Here it's when i got the error.

suggested by you:

> valid.cells <- knn$corr.a > 0
> table(valid.cells)
valid.cells
TRUE 
  64 

thanks!, will continue digging.

lpantano commented 9 years ago

maybe is that:

After that command in the padoga.varnom function, fpm has non infinite numbers

fpm <- t((t(log(cd))-models$corr.b)/models$corr.a)

this gets to winsorize.matrix and breaks with the error.

could it be that?

JEFworks commented 9 years ago

Ah, that's definitely it. Thanks so much for the catch. I believe the log is missing a + 1 else all the 0s in cd will become -Inf

Let me just check the commit history and see when this may have been changed and how my previous runs didn't encounter this error. Thanks again for your help!
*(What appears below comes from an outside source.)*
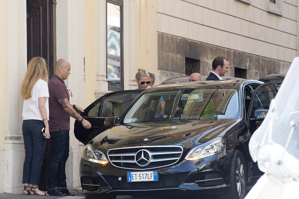 Is G driving in Rome? I’m impressed. I’d be terrified to drive in Europe. Then again, she might have some experience after living and driving around in London. As you can see, Falchuk is right beside her. The kids must be back in the Hamptons with Chris Martin then. And Jennifer Lawrence? She actually left for Montreal earlier this week to resume work on X-Men. I’ve heard that Falchuk spends more time with the kids than Jennifer does, if she does at all.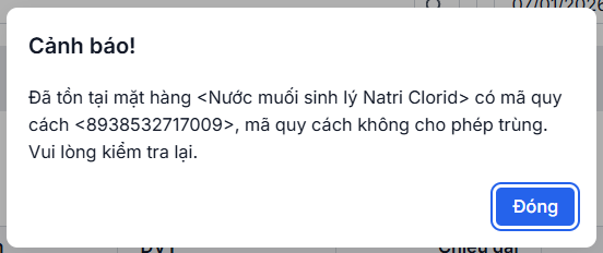 • Nếu quét trùng một mã quy cách đã có trên chứng từ, hệ thống sẽ hiển thị cảnh báo.

JEFworks commented 9 years ago

Hum, I'm using an older version of RcppArmadillo_0.4.650.1.1 that seems to have a sort_index that does handle the infinite values by treating then as an arbitrary large number (and also returns sort_index as a row instead of single column; so I think this bug fix actually now introduces the error: Mat::init(): requested size is not compatible with row vector layout for my older version of RcppArmadillo)

Let me see what changed from RcppArmadillo_0.4.650.1.1 to RcppArmadillo_0.5.200.1.0

lpantano commented 9 years ago

oh! ok. no problem. I am seeing that this year there are a bunch of changes in R and BioC that are affecting a lot of tools. Hopefully everything will be ok in the next version when everybody can install the stable version of everything. thanks again for your time

JEFworks commented 9 years ago

Hi Lorena,

I've confirmed this is an issue with RcppArmadillo. I've opened an issue with them. I'm not sure how long they will take to resolve it, so for now, I would actually recommend using the older version of RcppArmadillo (pre v0.5) with the released version of scde just since everything was tested out there with RcppArmadillo_0.4.650.1.1. I don't know if there's a way for me to require an older version of a dependency in the package Description (I've only heard of requiring newer version).

Hopefully that'll fix things! Thanks again for your help on this!

Best, Jean

lpantano commented 9 years ago

Thanks! I would do that until RcppArmadillo gets more stable!